It has Excellent wear resistance for a long-lasting
restoration
It has Sustained fluoride release
It has Excellent adaptation to tooth structure
Its Sustained, rechargeable fluoride release on
tooth internal surface to avoid secondary caries
This are avalable in tooth colours matching shade
Compomer filling material are also available in
6 attractive colours with glitter effect for restorations
of deciduous teeth offers a perfect solution for
nervous, frightened and impatient children.

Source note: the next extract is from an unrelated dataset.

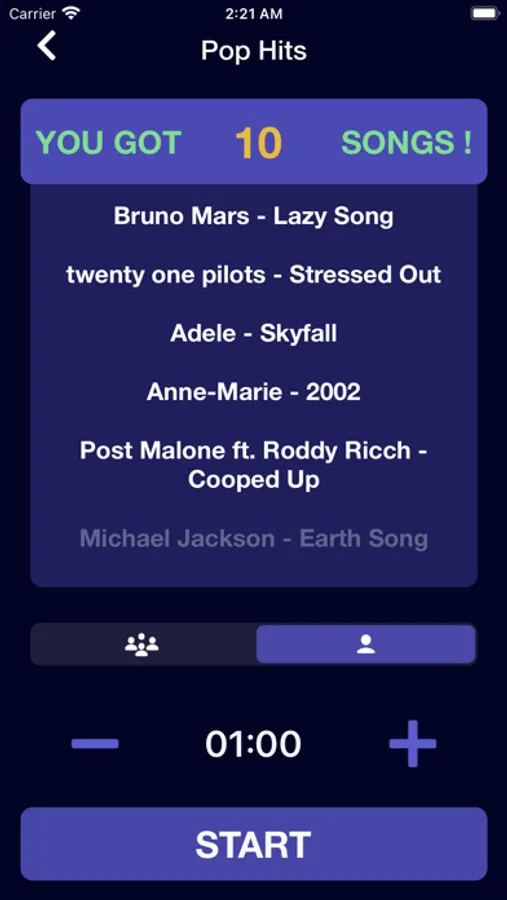 Pick a category that you would like to play, press the single player icon, then choose the duration of the game and press “Start”. 3, 2, 1! GO! Listen carefully to the 10 second cut of the song and choose the correct name from the 4 options! Remember all your favorite songs and most importantly have fun while doing it!

The
possiblity to choose their favourite colour impoves
motivation and co-operation of children. Fear will
disappear and they will accept the dental treatment.
3.Ormocer filling:
Ormocer (ORganically MOdified CERamic) is a brand-new
material which was recently developed
for all filling indications in the anterior and
posterior area which serves as an optimum and up-to-date
replacement
for Amalgam, composites and compomers.
STEPSFOR TOOTH COLOURED FILLING MATERIAL: TOOTH
COLORED MATERIAL SETS UNDER BLUE COLOURED LIGHT
WHICH WE CALL LIGHT CURING MACCHINE.
Direct tooth coloured Restoration
3.Glass Ionomer Cements
These
are materials based on acid soluble alumino fluoro-silicate
glass. They are tooth coloured but have fairly low
strength. However they leach fluoride and so can
be appropriate in some situations (e.g. for decay
on exposed roots)
4.Amalgam/SILVER
ALLOY FILLING
This is the silvery material used most widely for
filling back teeth. It has been around in one form
or another for over 100 years although recent improvements
to its formulation have reduced its setting times
and increased its strength.
PIT AND FISSURE SEALANTS: PIT & FISSURE
SEALANTS
Over
the years dentistry has developed great ways and
methods of preventing dental problems. One of these
methods is placement of sealants on tooth surfaces,
which prevents decay in teeth. While sealants are
by no means a cure-all in preventing all forms of
tooth decay, they are helpful to patients in controlling
decay in certain areas of the mouth.
Almost 9 out of every 10 cavities in children occur
on the biting surfaces of the teeth. While children
have been the primary recipient of sealants in the
past, recent advances in bonding technology and
caries (decay) detection have led to more adults
having sealants bonded to certain areas of their
teeth.
Sometimes it is impossible for children to brush
deep grooves or pits on the chewing surfaces of
their teeth effectively. These grooves are very
deep and often, tinier than the bristles on a toothbrush.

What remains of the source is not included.